An example of a Databricks Genie agent

Databricks Genie Spaces are powerful environments for deploying customized text-to-SQL engines. When integrated with LangChain, they can significantly enhance the capabilities of agentic systems. Here's an example of using an API wrapper to call a Genie Space and passing it as a tool to an agent. Note the similarities with the SQL agent above.

from src.genie import GenieTool, genie_prompt
from langchain.agents import create_react_agent, Tool, AgentExecutor

genie_tool = Tool(
    name="Genie Tool",
    func=GenieTool().query,
    description="Useful for querying daily plant operational data"
)

agent = create_react_agent(
    prompt=genie_prompt,
    tools=[genie_tool],
    llm=model
)

agent_executor = AgentExecutor(agent=agent, tools=[genie_tool], verbose=True)

agent_executor.invoke("What was our uptime yesterday?")        

The best part about this approach is that you are abstracting the curation of a schema into Genie, with its own set of instructions and metadata. This example showcases why the microservices analogy can be powerful in the LLM space.

An example of a compound agentic system

Compound agentic systems involve multiple agents working together to solve complex problems. These systems can handle tasks that require diverse skills and knowledge domains and route requests to different tools. Here's an example of using a SQL agent as a base agent, but providing both a Genie tool and a RAG retriever (see my previous post or this demo).

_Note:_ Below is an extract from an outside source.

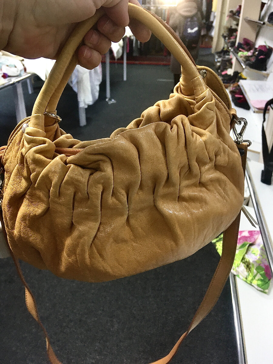 На новое поступление с утра не получилось прийти из-за загрузки на работе, годовой отчёт и всё такое, практически без выходных, без праздников, зато полно нервотрепки и усталости, забежала ненадолго в секонд лишь после обеда, вот всё, что смогла найти из сумок, надеюсь, в следующую субботу не пропущу новый завоз. Стараюсь продемонстрировать вам сумки из натуральной кожи. Небольшая мягонькая сумочка- мешочек новенькая, хорошенькая и цена приятная 500р, похоже на кожу, но могу и ошибиться. Не очень жалую сумки без плечевого ремня, но эта притягивает взгляд, необычная, роговые ручки, из натуральной кожи двух цветов:белой и под змею, добротная и качественная. Классная сумка из кусочков, с проглядывающей золотистой подкладкой, конечно, не практичная, но аккуратная и просто шикарная. 850р Кто любит клатчи? Я не очень, просто мне не куда носить такие сумочки, они очень женственные, не мой стиль, думаю, ручка-цепочка была бы не лишней, а с другой стороны, её не трудно приделать. Цена клатча

from langchain.tools.retriever import create_retriever_tool
from src.compound import compound_prompt_template

retriever_tool = create_retriever_tool(
    retriever=vector_search_as_retriever,
    name="Documentation Search",
    description="Provides plant documentation and manuals"
)

agent = create_sql_agent(
    llm=model,
    db=db,
    prompt=compound_prompt_template,
    extra_tools=[retriever_tool, genie_tool],
    output_parser=StrOutputParser()
)

agent.invoke("How do I repair this piece of machinery?")        

I'm not going to pretend that real deployments will be this easy, but I hope you can see the scaffolding forming. LangGraph, Databricks, and other frameworks promise to keep pushing this space forward, so keep your seatbelt on.

Key Challenges in Bringing Agentic Systems to Production

The worst thing about potential is that it provides limited value until it is actually realized. Agentic systems have enormous potential, but there are still numerous hurdles to overcome before we see them widely adopted across companies.

1. Scalability: As the complexity of tasks increases, ensuring that agentic systems can scale efficiently becomes crucial. Performing multiple tool calls adds significant latency, so be cautious and monitor closely.
2. Reliability: Guaranteeing consistent behaviour across various scenarios and inputs is challenging, especially for autonomous systems. A single poor response to a C-level executive can sideline a project, so don't underestimate the time required for development and evaluation.
3. Complexity: LLMs are non-deterministic and complex on their own, and this complexity is compounded when we start layering them on top of each other with different tools. I strongly advocate for both inference monitoring and detailed trace debugging, whether using MLFlow or LangSmith.

In Closing

Agentic AI systems should excite even the most pessimistic among us. They can extend Large Language Models (LLMs) or help mitigate their weaknesses. These systems represent the threshold of LLMs as software and offer unprecedented levels of autonomy and problem-solving capabilities.

Frameworks like LangChain and Databricks are at the forefront of this revolution, providing impressive tooling for accelerated innovation. Agentic AI systems offer tremendous potential to improve the world, but they need to be carefully engineered and deeply considered.

Much like the steam engine, the internet, or Crocs, agentic AI is here to stay. I encourage you to dive in and deploy a couple of agents for testing and feedback gathering. While I may be an excitable person, the potential of these systems is undeniably promising.